In any event, the lex fori as a general choice of law rule for equitable claims has been rejected in England.Footnote 68 Therefore, attention will now be turned to the other, more promising, approaches.

B. Restitution

1. Arguments of principle

When knowing receipt is described as being ‘restitutionary’ in nature, one must be careful to differentiate the various senses in which the word ‘restitution’ could be used. First, restitution in this context could be a reference to the substantive law of restitution. Used in this sense, it almost always means that restitution is used as a synonym for unjust enrichment. Secondly, there is a substantial body of opinion that considers the law of restitution to be an umbrella category covering unjust enrichment and restitution for wrongs and, more controversially, proprietary restitution.Footnote 69 Under this second sense of the word ‘restitution’, knowing receipt is viewed as a species of wrongdoing and is described as being restitutionary because the remedies granted focus on the defendant's gain rather than the claimant's loss.

The relevance of whether ‘restitution’ is used in the first or second sense is that while knowing receipt will clearly be governed by the choice of law rule for unjust enrichment according to the first sense of the term, there is a strong case to be made that it should be governed by the choice of law for the foundational wrong under the second sense.Footnote 70 Most of the authorities favouring a restitutionary characterisation for knowing receipt do not make it clear whether restitution is to be understood in the first or second sense.Footnote 71

It is more precise to consider the use of the word restitution in the first sense as pointing towards an unjust enrichment characterisation than a restitutionary characterisation. Under domestic English law, unjust enrichment is often described as ‘autonomous’ or ‘subtractive’ unjust enrichment. The word ‘autonomous’ denotes that unjust enrichment is an independent cause of action.Footnote 72 The word ‘subtractive’ indicates that the defendant's enrichment was subtracted from the claimant's wealth. The two labels are usually treated as being synonymous with each other.Footnote 73

The view that knowing receipt should be characterised as a claim founded on unjust enrichment—whether at the domestic level or private international law level—stems from three lines of argument, which to an extent overlap: first, it fits within the unjust enrichment framework,Footnote 74 as the relevant unjust factor is the lack of consent or ignorance;Footnote 75 secondly, knowing receipt should be reconceptualised as a strict liability claim arising upon receipt of the trust property and based on unjust enrichment;Footnote 76 and thirdly, knowing receipt is sufficiently similar to unjust enrichment that it should be dealt with in a similar manner.

The first two arguments, which advance the view that knowing receipt is based on unjust enrichment, have not gained much judicial support under domestic law.Footnote 77 Nevertheless, ‘unjust enrichment’ for private international law purposes could of course be a wider category than that found under domestic law.
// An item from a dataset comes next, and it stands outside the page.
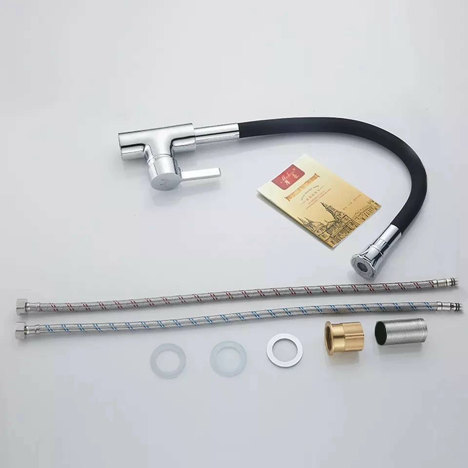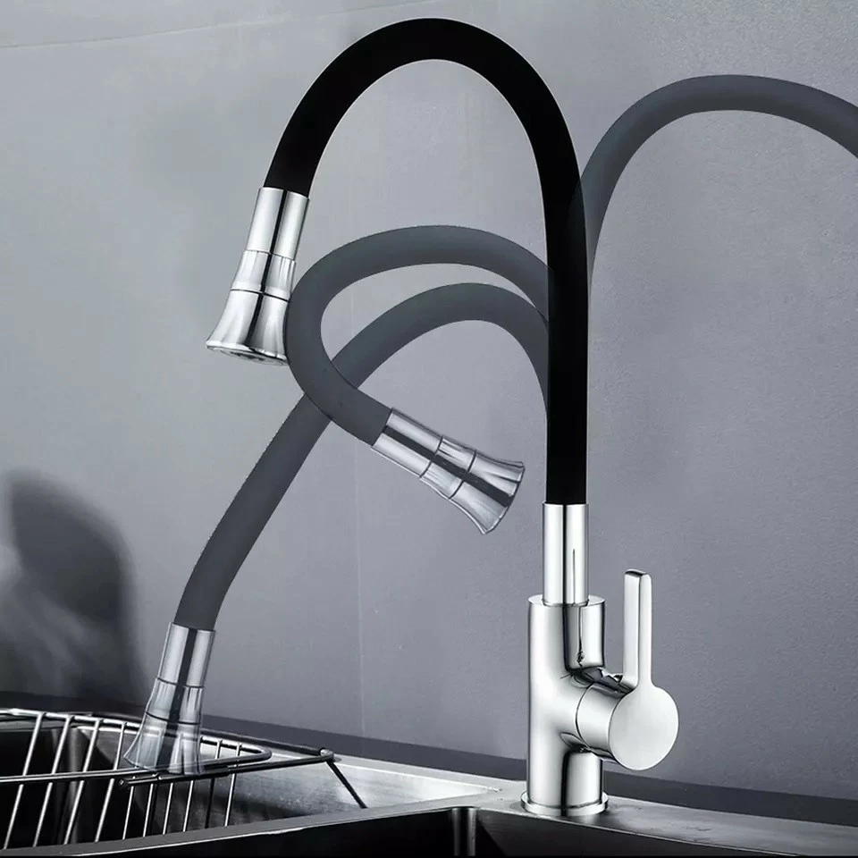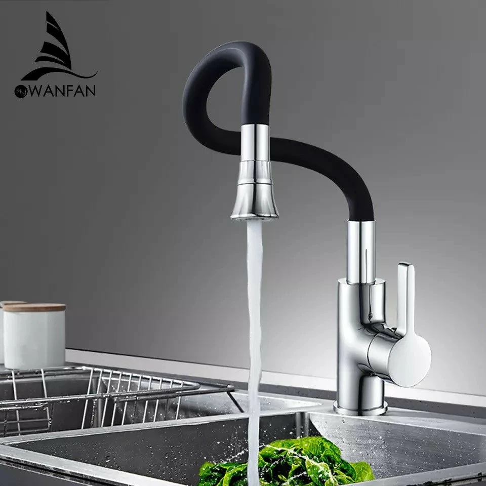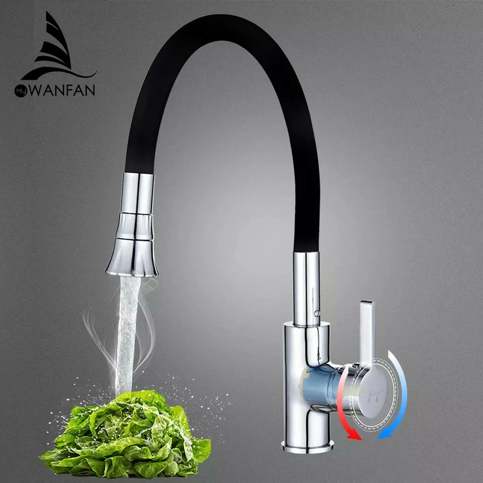 Смеситель кухонный с гибким изливом, однорычажный кран для раковины с аэратором WanFan Черный-Хром
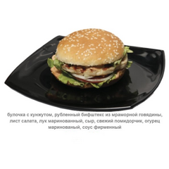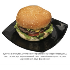 Булочка с кунжутом, рубленный бифштекс из мраморной говядины, лист салата, лук маринованный, сыр, свежий помидорчик, огурец маринованный, соус фирменный. Вес 350 гр.

This brings us to the third line of argument which draws on the similarities between common law unjust enrichment claims and equitable knowing receipt claims under domestic law, rather than arguing that the latter is founded on unjust enrichment. Both actions require that the defendant received property in which the claimant had a proprietary interest, the receipt of property rather than the retaining of property by the defendant is the crucial factor and the remedies are personal in nature and assessed with reference to the value of the property that the defendant received.Footnote 78 Thus, many scholars argue that the two actions are ‘essentially analogous’Footnote 79 to each other or that there is ‘sufficient overlap’Footnote 80 in the requirements to merit placing knowing receipt into the unjust enrichment category for choice of law purposes.
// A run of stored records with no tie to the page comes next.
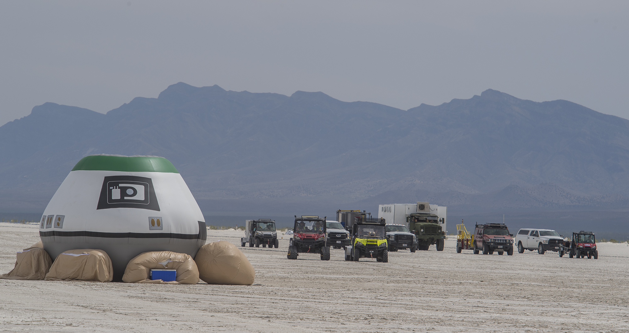 Boeing, NASA and U.S. Army teams rehearse safely bringing the CST-100 Starliner spacecraft home to Earth on Wed., June 6, 2018, at the U.S. Army's White Sands Missile Range in New Mexico. During the detailed landing simulation, engineers, technicians and spaceflight specialists worked through tight timelines and intense heat running through simulations of the spacecraft's landing and recovery, an operation that will cap each Starliner mission. For flight controllers at Mission Control in Houston, the simulation offered the chance to evaluate their own processes and rehearse everything from undocking the Starliner from the space station to communicating with the recovery teams in the field.
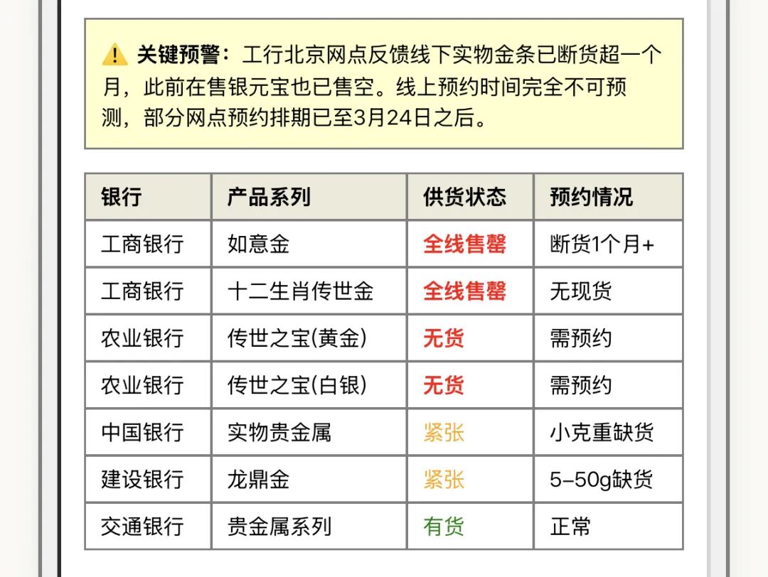 北京网点实地调查:线下金条断货已超1个月,预约排期至3月下旬。
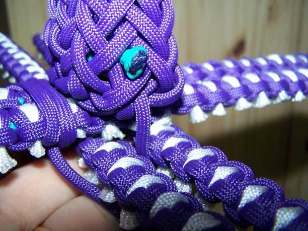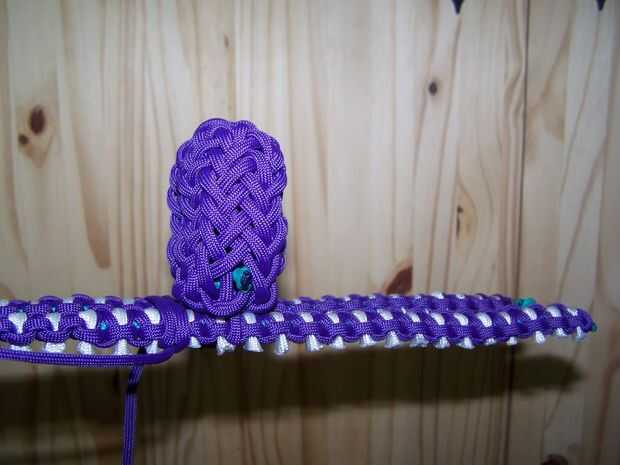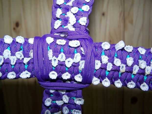 Luego cortar y los extremos de la chamusquina. Corte 3' pedazo de cordón morado y un ballestrinque justo debajo de eso primer nudo de corbata. Se trata de la
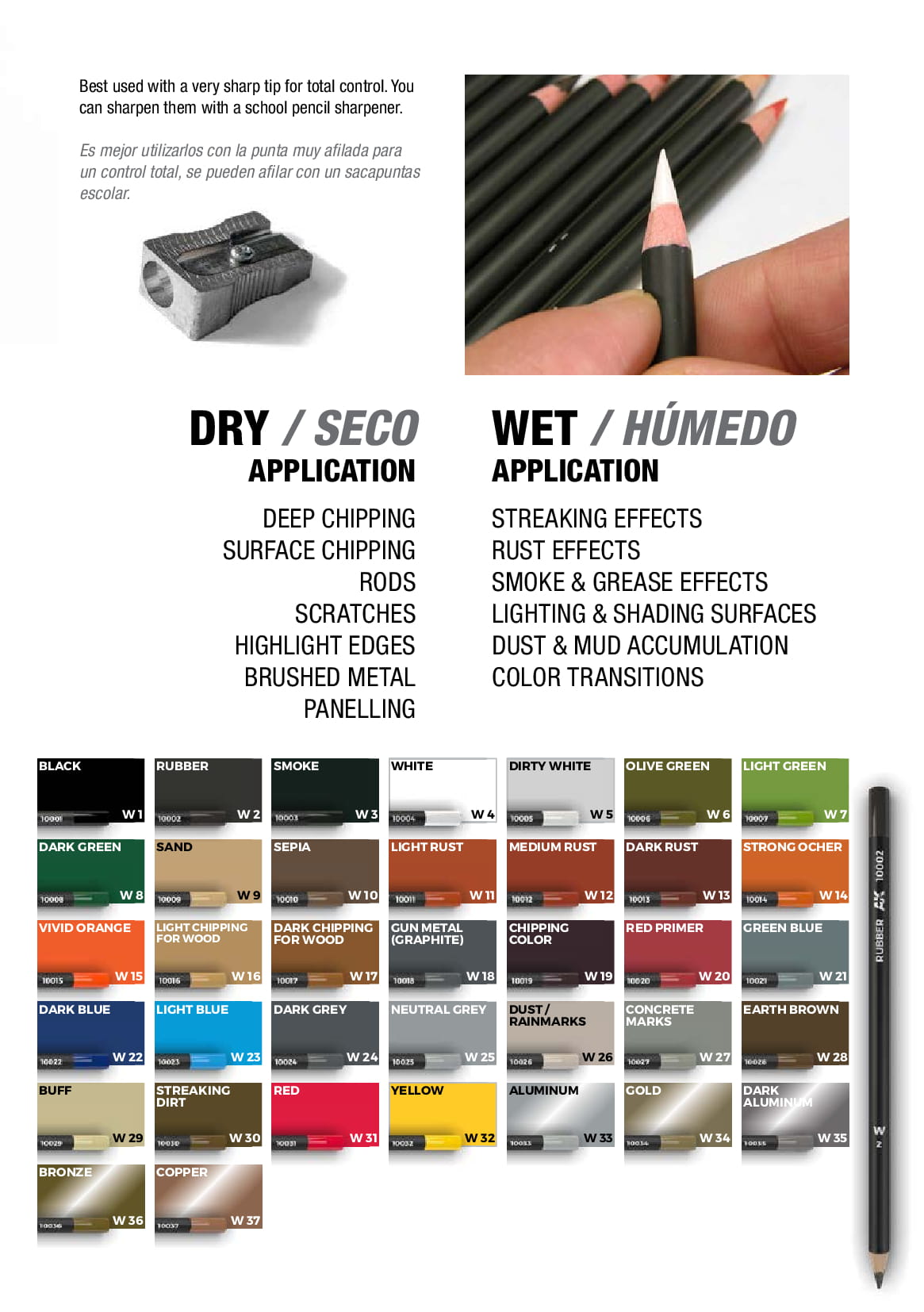 Kredki do weatheringu to kredki na bazie wody z 17-centymetrową półtłustą farbą, specjalnie do użytku w modelarstwie. Te kredki do weatheringu mają specjalnie opracowaną formułę z najbardziej odpowiednimi kolorami podstawowymi, aby uzyskać wszystkie efekty w bardzo prosty sposób.

The second sense in which the word ‘restitution’ is used to support characterising knowing receipt as restitutionary is that it is an example of restitutionary wrongdoing. ‘Restitution’ is commonly used to describe gain-based remedies which focus on the defendant's gain, rather than the claimant's loss.Footnote 81 The word ‘restitution’ is also used to denote the restoration of trust assets whether in specie or by payment of their monetary value.Footnote 82 Thus, the nature of remedies granted pursuant to a successful claim in knowing receipt can aptly be described as being ‘restitutionary’. Even if the claim were to be acknowledged as being founded on wrongdoing as opposed to unjust enrichment, the nature of the remedies places it within the law of restitution. Whether this means that it is appropriate to characterise knowing receipt as restitutionary for the purposes of choice of law is, however, a different matter.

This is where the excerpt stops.